# RECORDED DATA
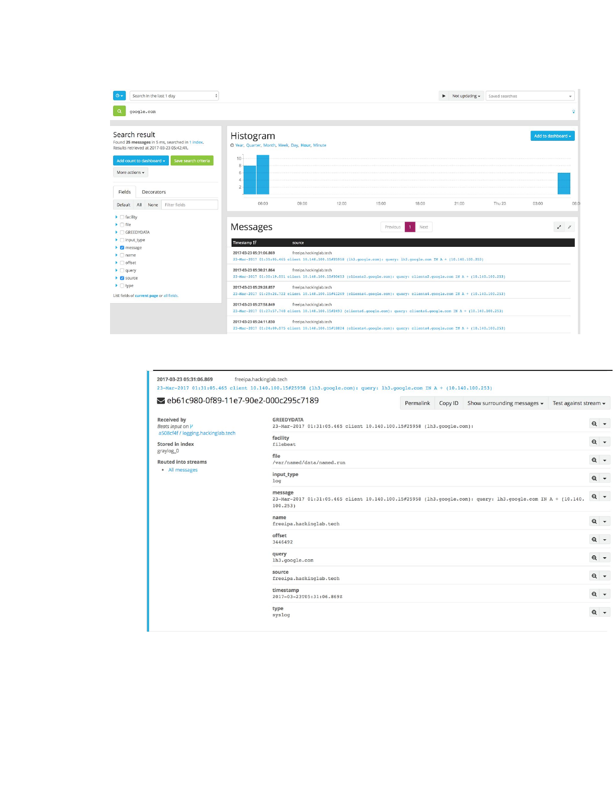 ● Let’s search for every log entry where the key is and the values google.com
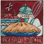 Bright colors depict a baked pie, sugar bowl and wire whisk. Bake up a storm for sure
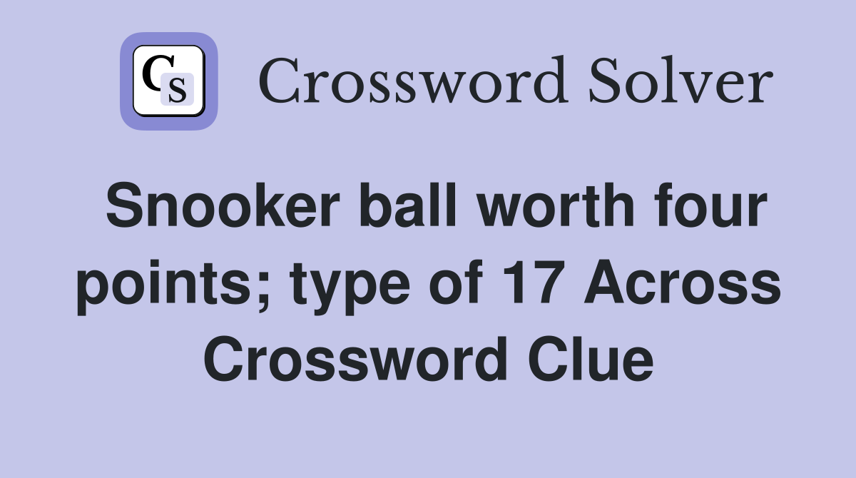 Snooker ball worth four points type of 17 Across Crossword Clue
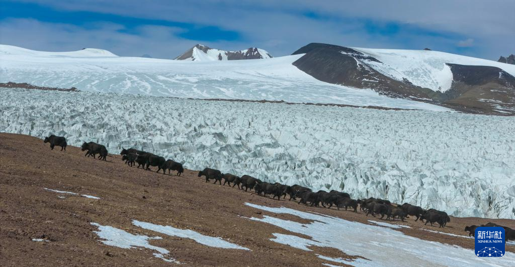 野牦牛群從藏色崗日冰川旁走過(無人機(jī)照片,3月10日攝)。新華社發(fā)(四郎江村攝)

# WORK TASK
Could you reproduce all of the data above exactly and skip any image?

# RESULT OF THE TASK
 ● Let’s search for every log entry where the key is and the values google.com
 Bright colors depict a baked pie, sugar bowl and wire whisk. Bake up a storm for sure
 Snooker ball worth four points type of 17 Across Crossword Clue
 野牦牛群從藏色崗日冰川旁走過(無人機(jī)照片,3月10日攝)。新華社發(fā)(四郎江村攝)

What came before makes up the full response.